Senegal President Rules Out Bid for Third Term; Eurobonds Rally

Senegalese President Macky Sall ruled out seeking a third term in next year’s presidential elections, bringing an end to a heated controversy over his eligibility to stand.

(Bloomberg) — Senegalese President Macky Sall ruled out seeking a third term in next year’s presidential elections, bringing an end to a heated controversy over his eligibility to stand.

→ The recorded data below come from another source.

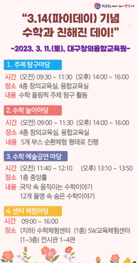 대구창의융합교육원은 오는 11일부터 내달 28일까지 초등학생 및 가족, 일반시민을 대상으로 π-day(파이데이) 기념 '수학과 친해진 데이' 행사를 다채롭게 운영한다.
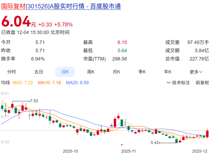 国际复材报收6.04元,日涨幅5.78%,列第一,换手率6.94%,今年以来的涨幅为63.24%。
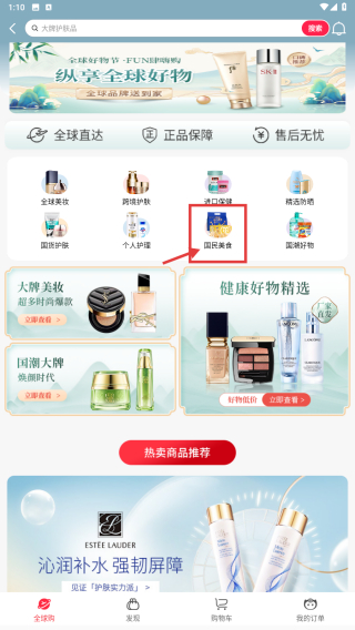 1、打開電商類應(yīng)用,點(diǎn)擊全球購分類選項(xiàng),進(jìn)入全球購商品頁面。
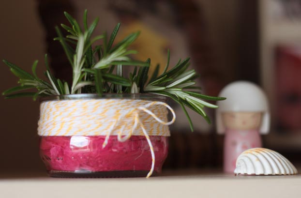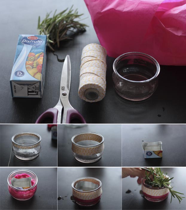 Como podéis ver en las imágenes los pasos son muy sencillos: 1. Enrollar el baker twine alrededor de la parte superior del envase de cristal 2. Recortar el envase de zumo 3. Meterlo dentro del de cristal 4. Rellenar los bordes con el papel cebolla 5. Colocar el romero.
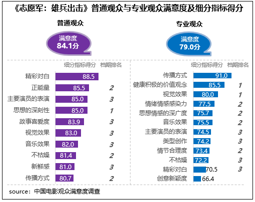 陳凱歌執(zhí)導(dǎo)的抗美援朝題材影片《志愿軍:雄兵出擊》觀眾滿意度83.8分,影片主題立意與國慶氛圍貼合,思想性得分85.0分,影片全景式呈現(xiàn)抗美援朝歷史,所傳遞的愛國精神和英雄氣概震撼人心,有85%的受訪觀眾表示在觀賞影片后感動不已。
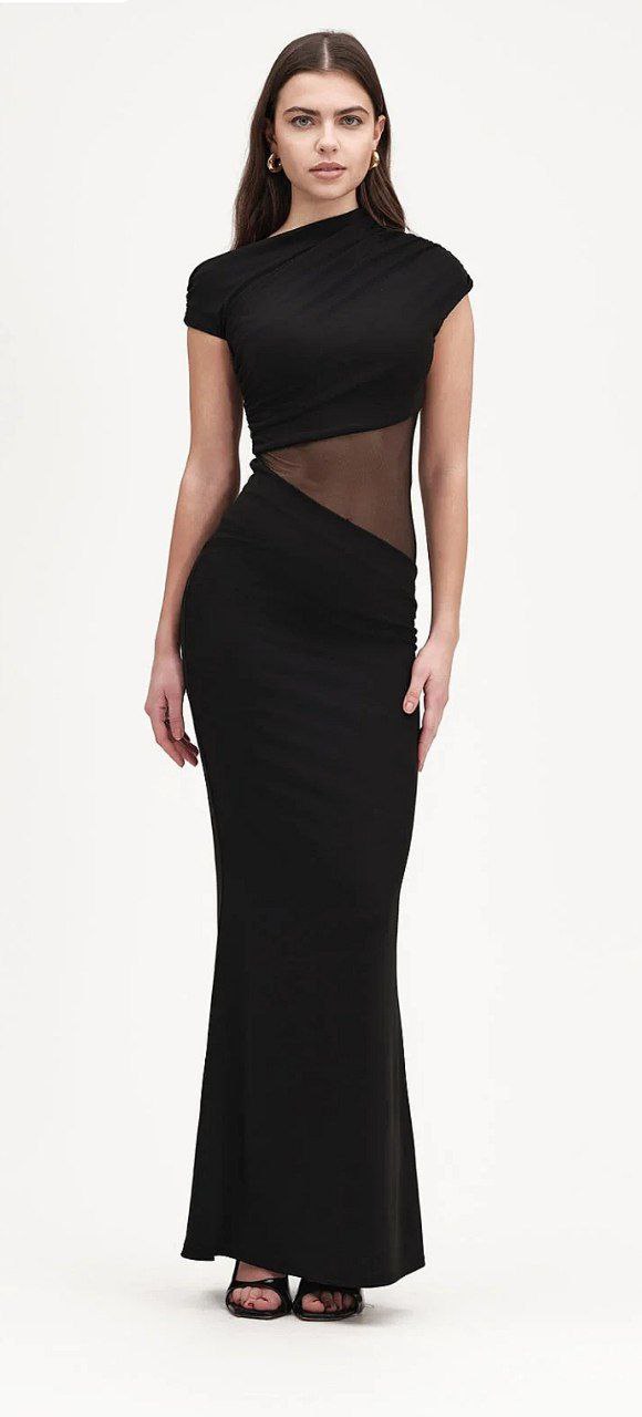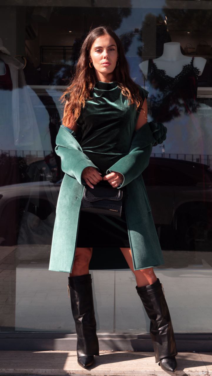 Elegante abito lungo in verde e nero, perfetto per occasioni speciali. Realizzato in tessuto morbido...

Sall’s announcement lowers the risk of protests by opposition supporters who rejected an extension of his tenure and marks the start of a race to succeed the leader of one of Africa’s fastest-growing economies. The candidate of the ruling Benno Bokk Yakaar coalition will have the edge in the February vote as opposition leader Ousmane Sonko faces disqualification after being convicted of “corrupting youth” and sentenced to two years in prison.

Read more: Why Normally Stable Senegal Is Wracked by Unrest: QuickTake

“The 2019 term was my second and last term,” Sall, 61, said in a televised address to the nation in the capital, Dakar, on Monday. “That’s what I said before and that’s my decision tonight.”

Senegal’s dollar bonds rallied on Tuesday morning. The yield on the nation’s 10-year eurobonds dropped 16 basis points to 8.64% — the lowest since February. 

“The announcement is risk-positive, as a third-term run by Mr. Sall would have triggered more protests,” Oxford Economics Africa Lead Political Analyst Francois Conradie said in a research note on Tuesday.

Senegal is on the cusp of becoming an oil and natural-gas producer, with output set to start later this year at the $4.8 billion Grand Tortue Ahmeyim gas field, which straddles the waters offshore Senegal and Mauritania. Crude production from the $4.2 billion Sangomar project, developed by Australia’s Woodside Energy Group, is also expected to begin in 2023.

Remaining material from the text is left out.